Since time immemorial, India has been a Hindu country, even after centuries of Islamic and Christian rule, it remained a Hindu country. Hindu civilization is the oldest surviving civilization in the world. Christianity wiped out pagan religious practices and culture from Europe, America, and Australia. Islam wiped out some of the oldest religions like Zoroastrian and Arabic paganism. But Hinduism has survived after almost 1,000 years of Christian and Muslim rule.
A few days ago, addressing a meeting of Akhil Bhartiya Karyakari Mandal, RSS chief Mohan Bhagwat said, “We are a Hindu Rashtra, but at the same time let me clarify Hinduism is not some form of worship or some language. Hinduism is the name of a cultural legacy which is the legacy of all people living in India. When the Jews were being chased away and looking for refuge, India was the only country that sheltered them. The religion of Parsis is safe only in India. The most happy Muslims in the world would be found in India.”
All India Majlis-e-Ittehadul Muslimeen (AIMIM) chief and MP from Hyderabad- Asaduddin Owaisi reacted to his statement and tweeted, “Bhagwat cannot erase my history in India by renaming it Hindu. It won’t work. He cannot insist that our cultures, faiths, creeds & individual identities all be subsumed by Hinduism. Bharat na kabhi Hindu Rashtra tha, na hai, na hi kabhi banega Inshallah.”
The conservative Islamic leader has always denied that India is Hindu Rashtra but the Supreme Court of India itself declared in 1995 that, “Ordinarily, Hindutva is understood as a way of life or a state of mind” in the country.
The people living under a particular landscape were defined as Hindus. This geographical landscape extended from the Great Himalayas in North to Indian Ocean in South, Indus River in West to Bay of Bengal in the east. What is called the Indian subcontinent today, used to be referred to as land of Hindus in ancient times. The Arabs, Europeans, and Chinese used the same definition of India in ancient times.
Persians first used the term ‘Hindustan’ to refer to the Indian subcontinent. Everyone living in the subcontinent was referred to as Hindu, irrespective of his/her religious identity. Mauritian or Surinamese people with origins in South Asia, describe themselves as Hindustani.
Most Muslims and Christian of the country have Hindu forefathers. The followers of the non Dharmic religion also practice the caste system. Historically, Islam in India has been very different from that Arabic world. The majority of Muslims in the country have Hindu ancestors, and they follow Hindu customs.
Many communities among Muslims are known by their caste affiliation like Khoja Muslim, Memon Muslim, and others. The number of Muslims whose ancestors were from foreign land does not constitute even double-digit percentage population of the community.
The Muslim community of the country practice caste system and even untouchability, which is traditionally seen as a practice associated with Hindus. A research on untouchability among Muslims in the state of UP, published in Economic and Political Weekly, concluded, “The precarious condition of Dalit Muslims due to the actions of the state is further complicated by the position taken by the conservative elite of their community. Every attempt of this marginalised group for recognition is countered by conservative Muslims citing certain Quranic verses.”
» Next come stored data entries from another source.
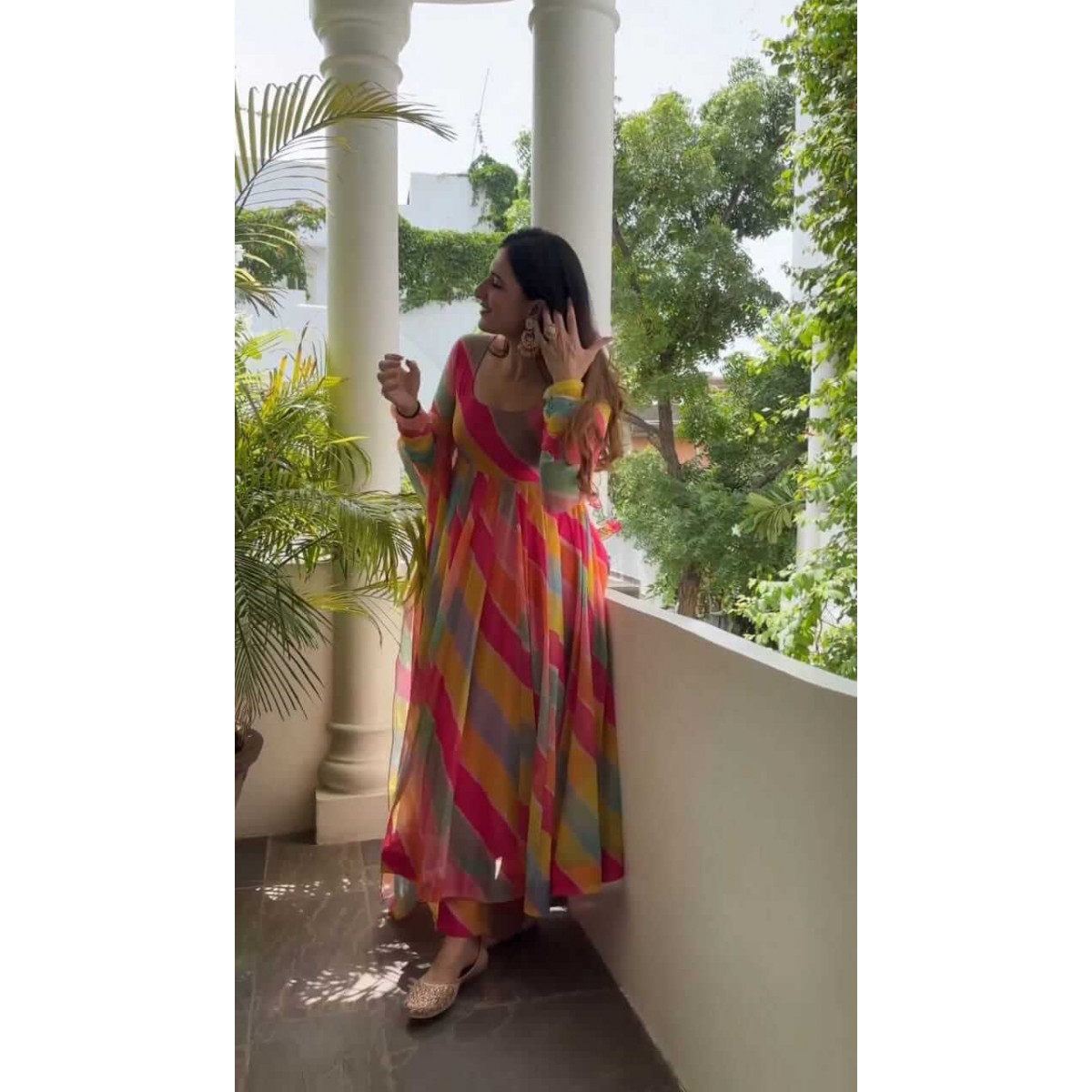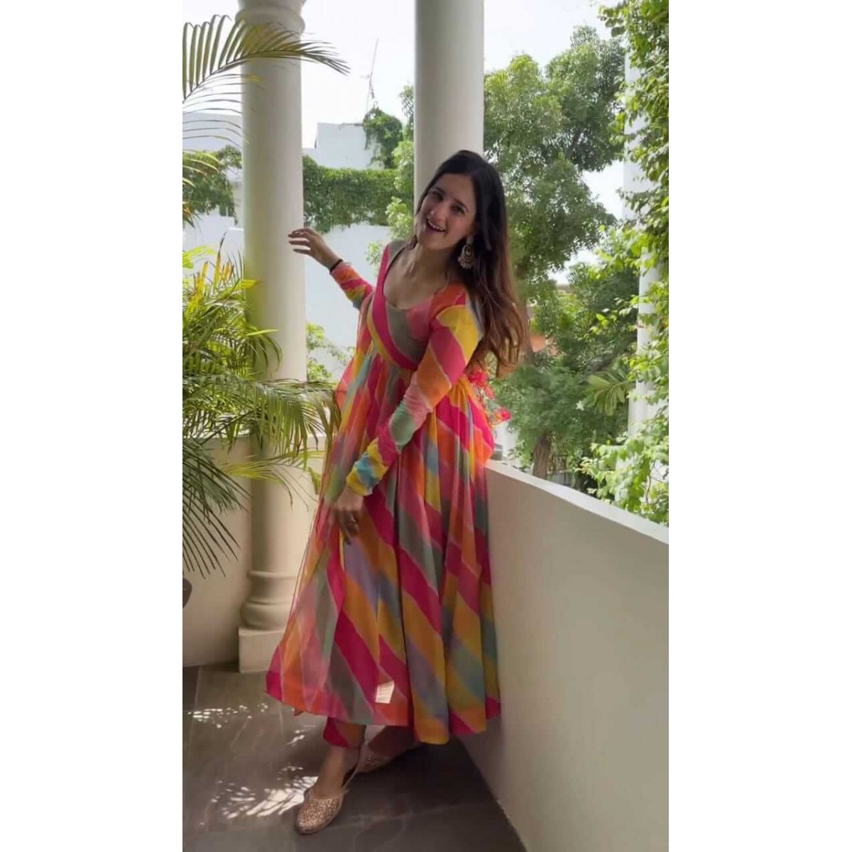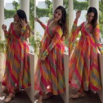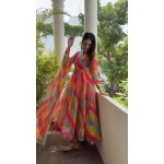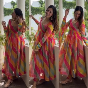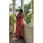 Rainbo patta print tibby silk anarkali suit
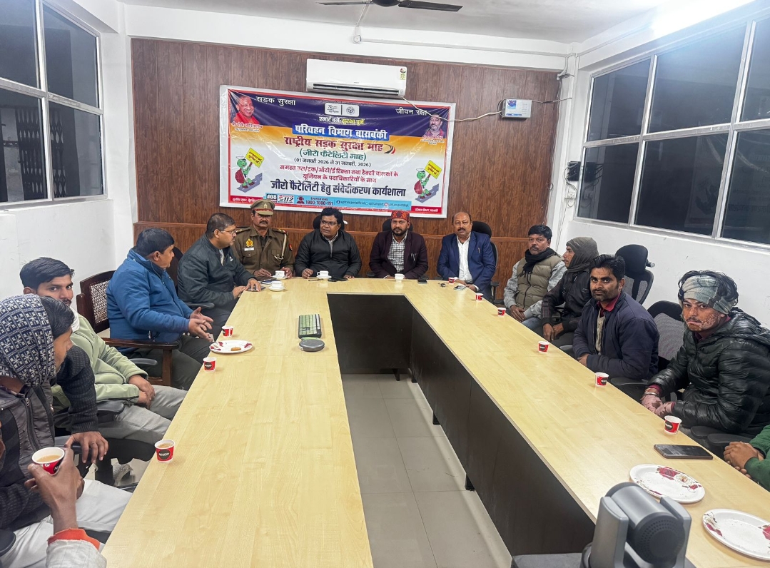 बाराबंकी। परिवहन विभाग द्वारा 01 से 31 जनवरी तक चलाये जा रहे राष्ट्रीय सड़क सुरक्षा माह के अन्तर्गत आज शुक्रवार को उप सम्भागीय परिवहन कार्यालय परिसर मे बस, ट्रक, आटो, ई-रिक्शा, टैक्सी चालक यूनियन पदाधिकारियो के साथ जीरो फैटेलिटी हेतु संवेदीकरण जागरुकता कार्यशाला का आयोजन किया गया। कार्यशाला मे सम्भागीय निरीक्षक प्राविधिक बलवन्त सिंह यादव ने चालको को जागरुक करते हुये कहा कि सड़को पर तेजी से बढ़ती दुर्घटनाओं के कारण यह काफी जरुरी है, कि इसके लिए निवारक उपाय अपनाएं जायें। क्योंकि मात्र इन्हीं के द्वारा ही हम मानवीय कारणों से होने वाली सड़क दुर्घटनाओं को रोक सकते हैं। नियमों की पूरी जानकारी रखे और सदैव इनका पालन करें। हेलमेट, सीटबेल्ट, ओवरस्पीडिंग, ड्रिंक एण्ड ड्राईव एवं वाहन चलाते वक्त मोबाईल का प्रयोग न करने एंव अन्य सड़क सुरक्षा नियमों को लेकर विस्तृत जानकारी दी। कार्यशाला मे यातायात प्रभारी रामयतन यादव ने कि दुर्घटना का मुख्य कारण थकान, लापरवाह चालक, नशाकर तेजी से वाहन चलाना है। सुरक्षित ड्राइविंग के लिये आवश्यक है कि लंबी दूरी तय करते समय थकान होने पर वाहन रोककर खुद को और वाहन को सामान्य स्थिति मे आने दे। ताकि नींद के मारण संभावित दुर्घटना न होने पाये। कार्यशला मे ट्रक एसोसिशन अध्यक्ष अधिवक्ता अंगद वर्मा समेत स्टैण्ड़ के चालक मौजूद रहे।
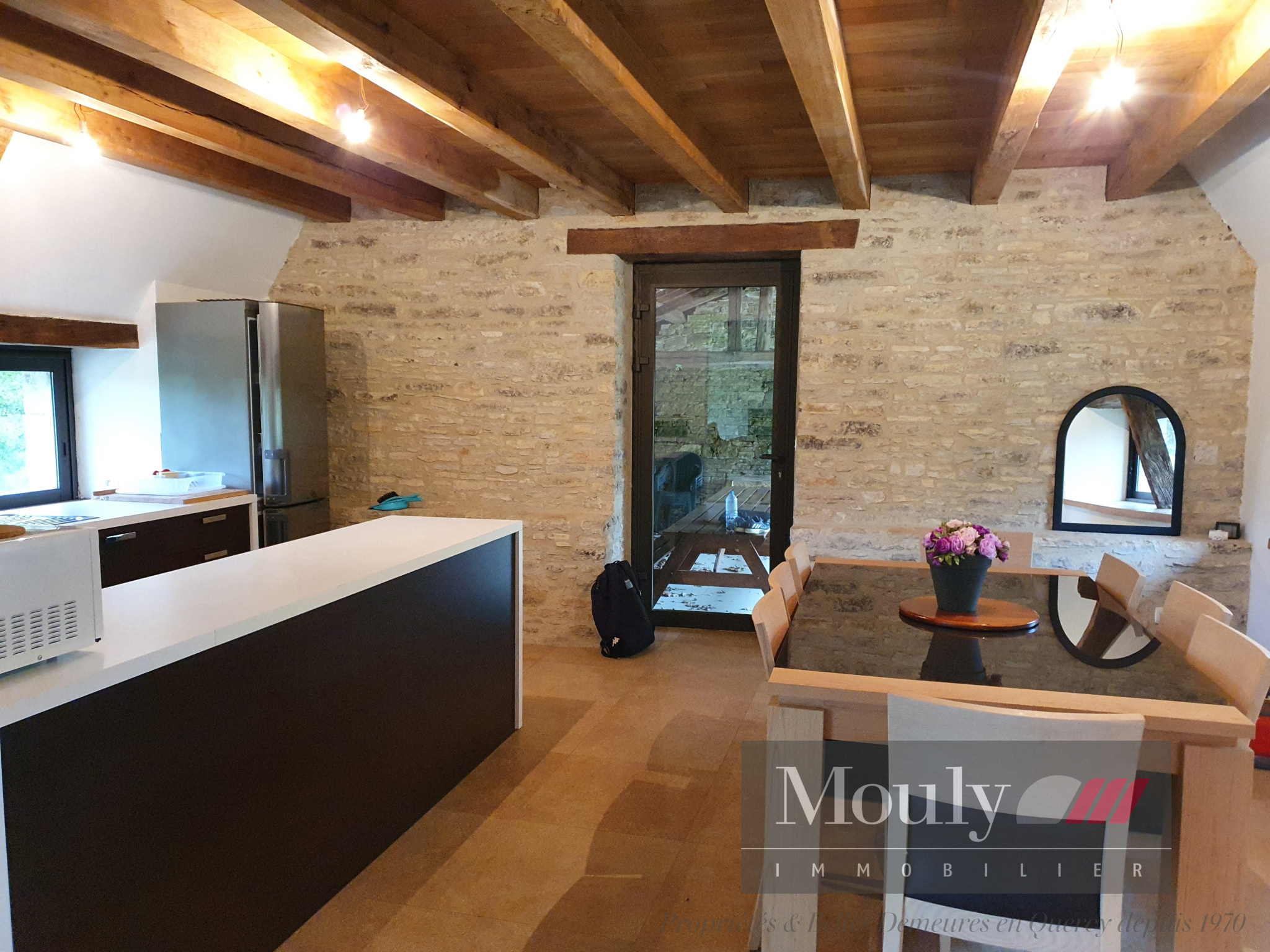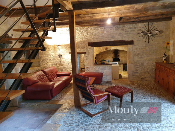 The guest house/gîte includes a fully equipped kitchen, a living/dining room, two bedrooms, and one bathroom. This historic building has been renovated while preserving original features such as the bread oven and the wine press.
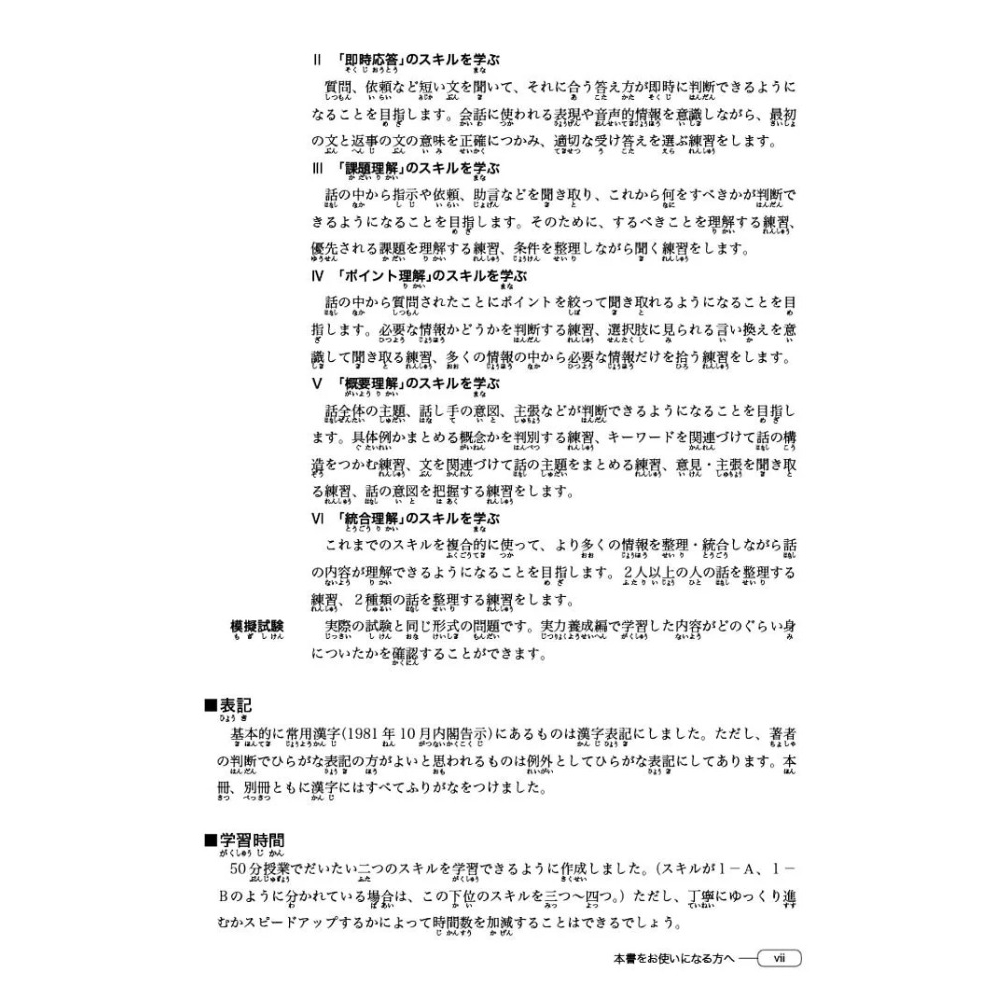 依聽解五種出題形式「理解課題」、「理解重點」、「理解概要」、「即時回應」、「統整理解」分章編排,介紹各種題型出題形式,讓學習者有個整體的題型概念。
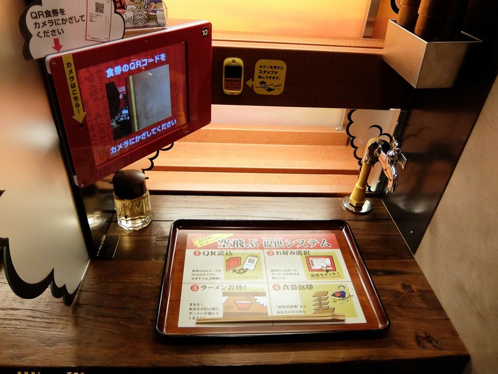 トレーには、洗い箸と「空飛ぶラーメン提供システム」の説明あり。 1.券売機で購入した食券のQRコードをiPadのカメラに読み込ませる
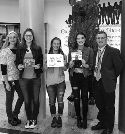 GMHS Principal, Dr. Mike Dunn, and art teacher, Hollie Hecht, presented the awards to the winners of the competition. The first place winner, receiving a $125 award, was Rory Conroy. The second place winner, receiving a $75 award, was Meghan Leonardi. The third place winner, receiving a $50 award, was Hannah Shoaf.
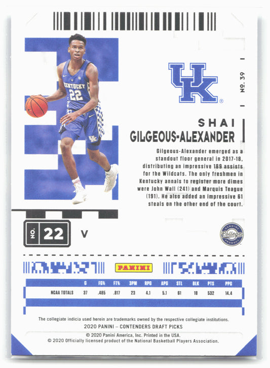 This is a nice example of a 2020 Panini Contenders Draft Picks #39b Shai Gilgeous-Alexander Other important information about this card:In 2020 Shai Gilgeous-Alexander played for the Kentucky Wildcats.Please check...
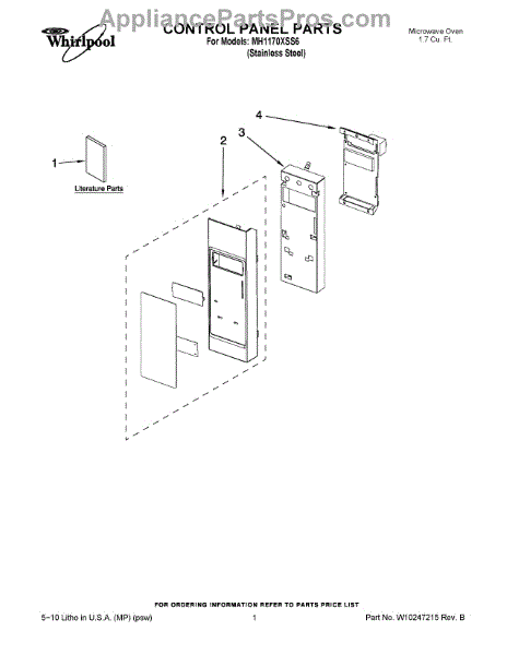 Parts for Whirlpool MH1170XSS6: 01 - Control Panel Parts
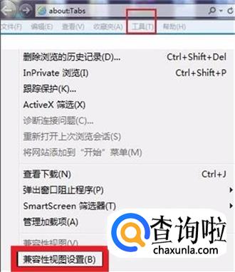 在弹出的下拉菜单,选择“兼容性视图设置”。
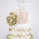 Маленький свадебный торт с золотым цветком и лебедями
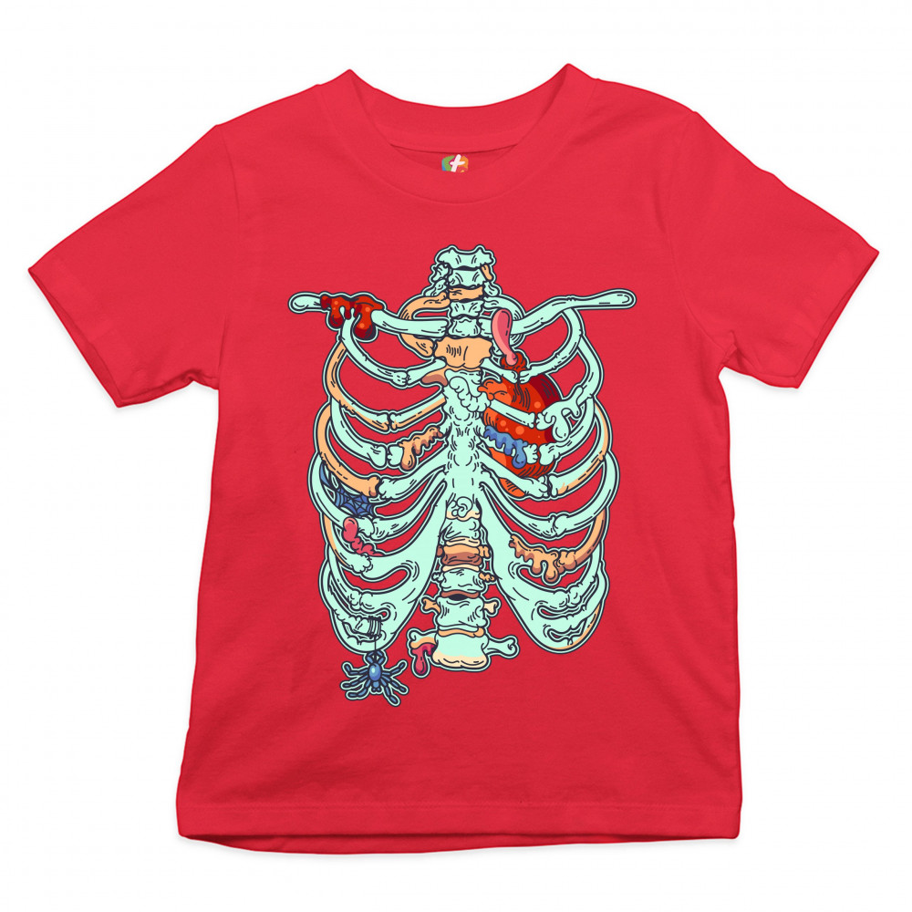 ZOMBIE RIB CAGE youth t-shirt all hallows' eve spooky halloween skeleton kids red
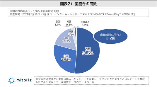 1日の歯磨き回数は「2回」が51.5%で過半数超え、全体の平均は2.2回
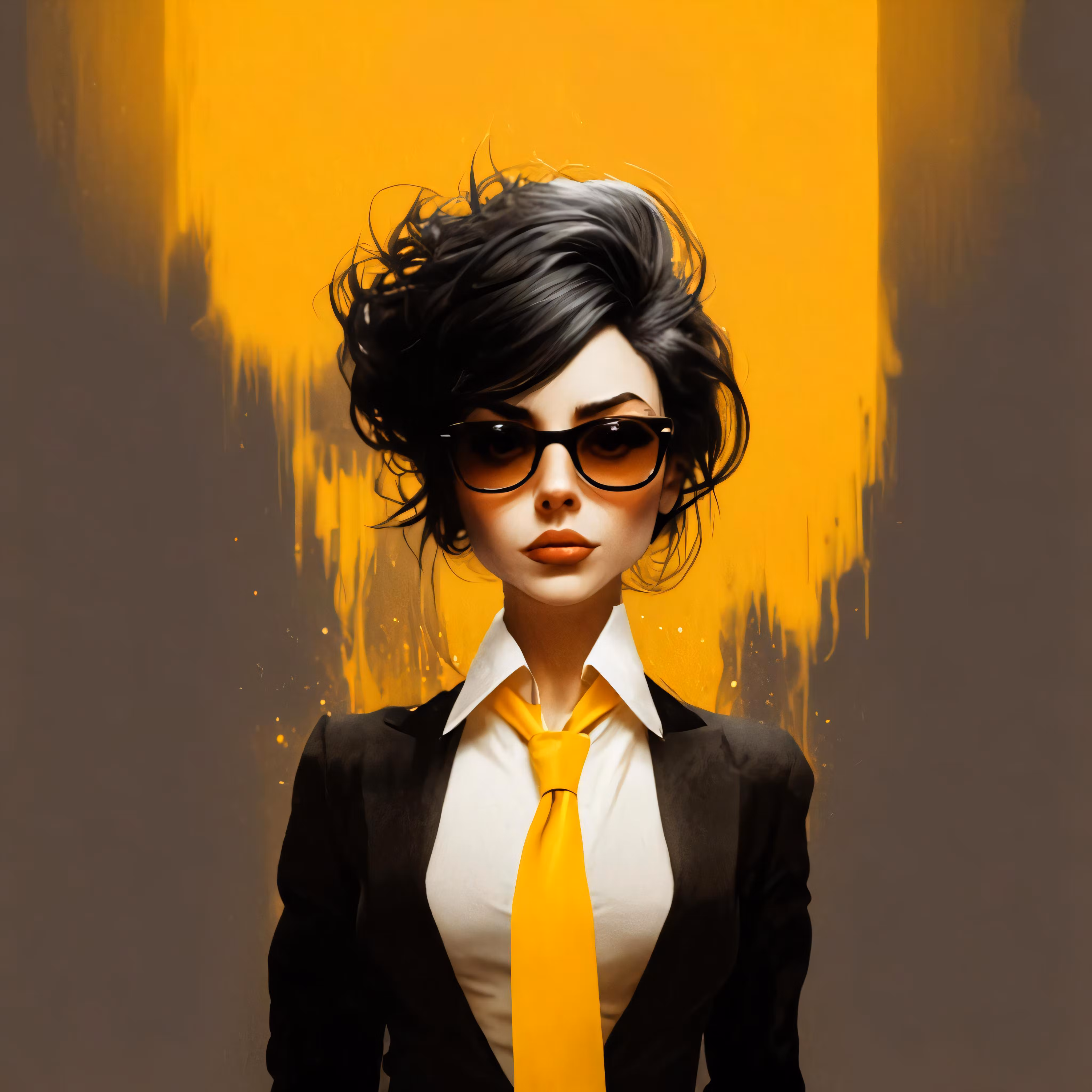 High resolution picture, free to use, a very unique digital painting with a woman dressed as a suit and tie
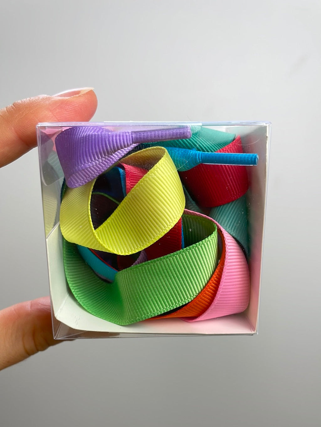 Mithilfe dieser farbenfrohen Ripsbänder lassen sich coole Kombinationen der Ponii Beads perfekt in Szene setzen. Sie können die Armbänder einfach mit einem Knoten oder mit einem coolen Verschluss verschließen. Durch die langen Enden der Armbänder erhalten Sie einen mega Festivallook. Lassen Sie Ihrer Kreativität freien Lauf!
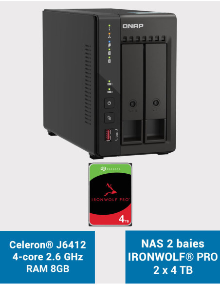 QNAP TS-253E 8GB Serveur NAS 2 baies IRONWOLF PRO 8To (2x4To)
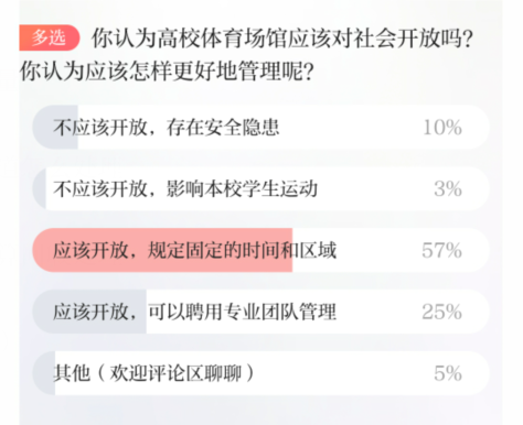 川观新闻就“高校体育场地对公众开放,为何‘说易行难’?”这个话题邀请网友展开热议,并设置投票环节,其中57%的网友认为应该开放,并规定固定的时间和区域;25%的网友认为可聘用专业团队管理;也有13%的网友担心开放会存在安全隐患或影响本校学生运动。

The theory that Christianity is casteless was challenged in Arundhati Roy’s debut novel, “The God of Small Things” which was based on the prevailing conditions of converts in Kerala, which is also the setting where recent murder of a Dalit Christian youth at the hands of his Syrian Christian wife’s family took place.
Therefore, the people living geographical entity of Indian subcontinent are Hindus. Pakistan tried to whitewash Hindu identity in Punjab and Sindh by imposing Urdu and Islam, and today the country suffers from an ‘identity crisis’. It lost East Pakistan because the military dictators from Pakistan tried to impose Urdu and Islamic culture over Bengali language and culture.
Vinayak Savarkar, the ideologue who popularized the term Hindutva and theorized the concept of Hindu nationalism in his book Essentials Of Hindutva, 1923, wrote, “We Hindus are bound together not only by the tie of the love we bear to a common fatherland and by the common blood that courses through our veins and keeps our hearts throbbing and our affections warm, but also by the tie of the common homage we pay to our great civilization – our Hindu culture.” Because Hindu Rashtra is defined as a geographical entity, it will remain a Hindu country as long as this geography survives.